Let’s Build A Simple Interpreter. Part 16: Recognizing Procedure Calls

Date

Learning is like rowing upstream: not to advance is to drop back.” — Chinese proverb

Today we’re going to extend our interpreter to recognize procedure calls. I hope by now you’ve flexed your coding muscles and are ready to tackle this step. This is a necessary step for us before we can learn how to execute procedure calls, which will be a topic that we will cover in great detail in future articles.

The goal for today is to make sure that when our interpreter reads a program with a procedure call, the parser constructs an Abstract Syntax Tree (AST) with a new tree node for the procedure call, and the semantic analyzer and the interpreter don’t throw any errors when walking the AST.

Let’s take a look at a sample program that contains a procedure call Alpha(3 + 5, 7):

Making our interpreter recognize programs like the one above will be our focus for today.

As with any new feature, we need to update various components of the interpreter to support this feature. Let’s dive into each of those components one by one.


First, we need to update the parser. Here is a list of all the parser changes that we need to make to be able to parse procedure calls and build the right AST:

  1. We need to add a new AST node to represent a procedure call
  2. We need to add a new grammar rule for procedure call statements; then we need to implement the rule in code
  3. We need to extend the statement grammar rule to include the rule for procedure call statements and update the statement method to reflect the changes in the grammar

1. Let’s start by creating a separate class to represent a procedure call AST node. Let’s call the class ProcedureCall:

class ProcedureCall(AST):
    def __init__(self, proc_name, actual_params, token):
        self.proc_name = proc_name
        self.actual_params = actual_params  # a list of AST nodes
        self.token = token

The ProcedureCall class constructor takes three parameters: a procedure name, a list of actual parameters (a.k.a arguments), and a token.

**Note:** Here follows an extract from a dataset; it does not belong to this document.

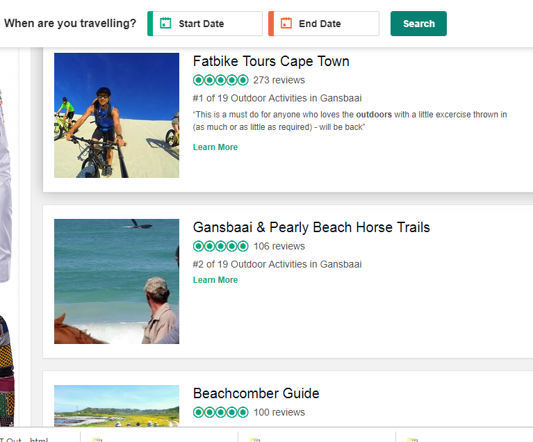 Our first TripAdvisor review was one year ago.... and now here we are at number two of Top Outdoor Activities in and around Gansbaai (Overstrand), 3rd in the Overberg District, and 15th in the entire Western Cape!
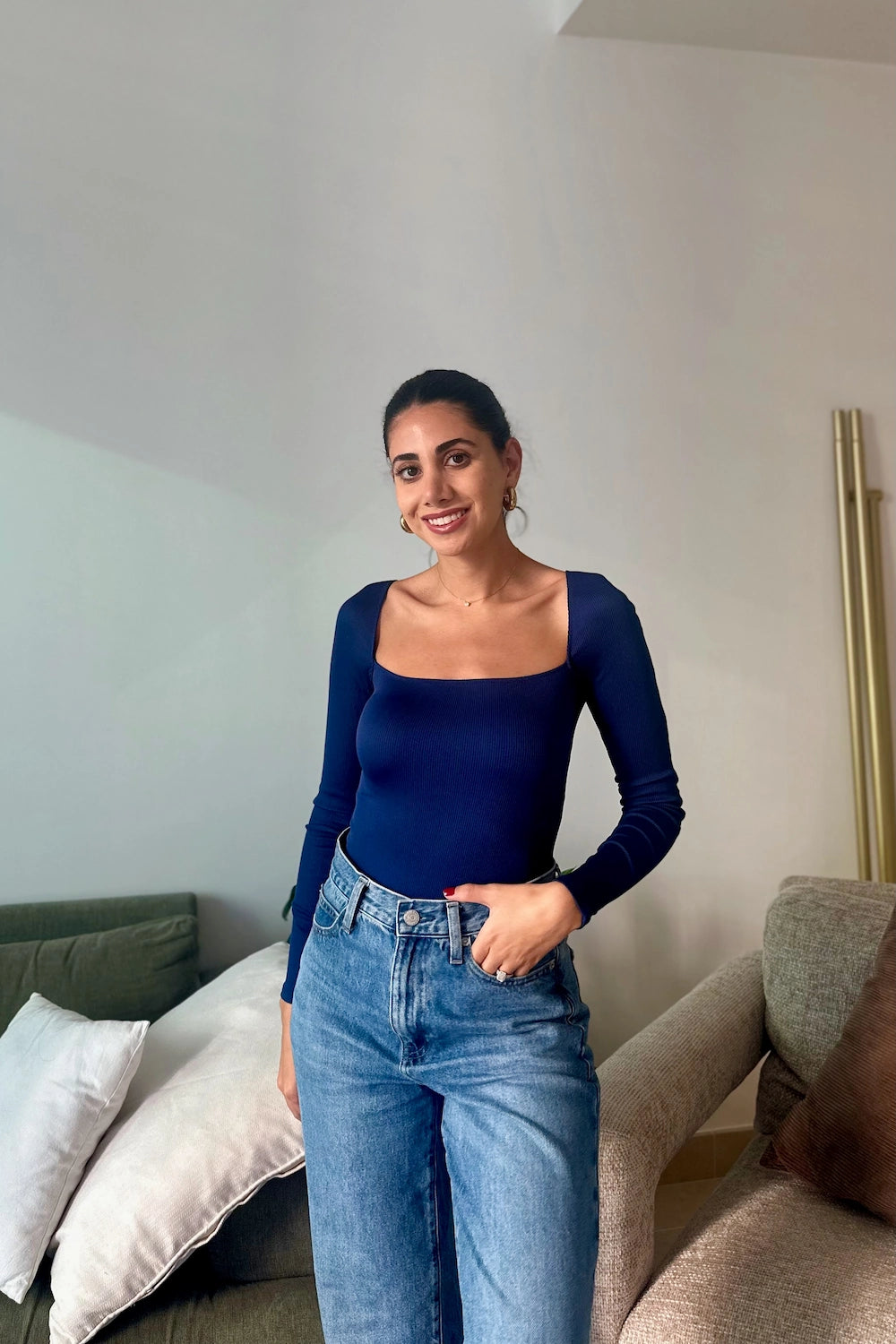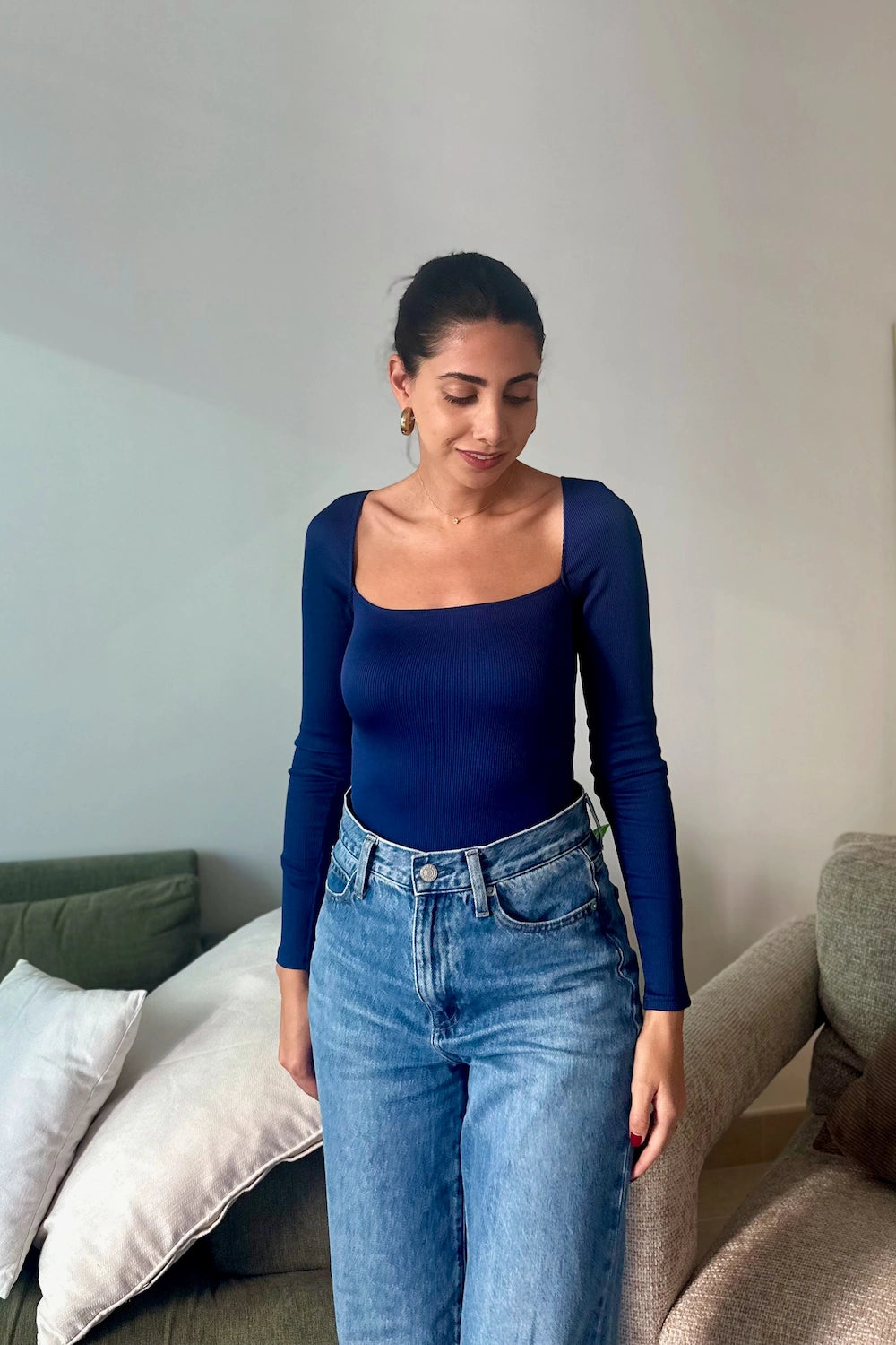 The long sleeves make it ideal for day-to-night styling, whether paired with high-waisted trousers, a chic skirt, or layered under a blazer.

Nothing really special here, just enough information for us to capture a particular procedure call.

2. The next step that we need to take is to extend our grammar and add a grammar rule for procedure calls. Let’s call the rule proccall_statement:

proccall_statement : ID LPAREN (expr (COMMA expr)*)? RPAREN

Here is a corresponding syntax diagram for the rule:

From the diagram above you can see that a procedure call is an ID token followed by a left parenthesis, followed by zero or more expressions separated by commas, followed by a right parenthesis. Here are some of the procedure call examples that fit the rule:

Alpha();
Alpha(1);
Alpha(3 + 5, 7);

Next, let’s implement the rule in our parser by adding a proccall_statement method

def proccall_statement(self):
    """proccall_statement : ID LPAREN (expr (COMMA expr)*)? RPAREN"""
    token = self.current_token

    proc_name = self.current_token.value
    self.eat(TokenType.ID)
    self.eat(TokenType.LPAREN)
    actual_params = []
    if self.current_token.type != TokenType.RPAREN:
        node = self.expr()
        actual_params.append(node)

    while self.current_token.type == TokenType.COMMA:
        self.eat(TokenType.COMMA)
        node = self.expr()
        actual_params.append(node)

    self.eat(TokenType.RPAREN)

    node = ProcedureCall(
        proc_name=proc_name,
        actual_params=actual_params,
        token=token,
    )
    return node

The implementation is pretty straightforward and follows the grammar rule: the method parses a procedure call and returns a new ProcedureCall AST node.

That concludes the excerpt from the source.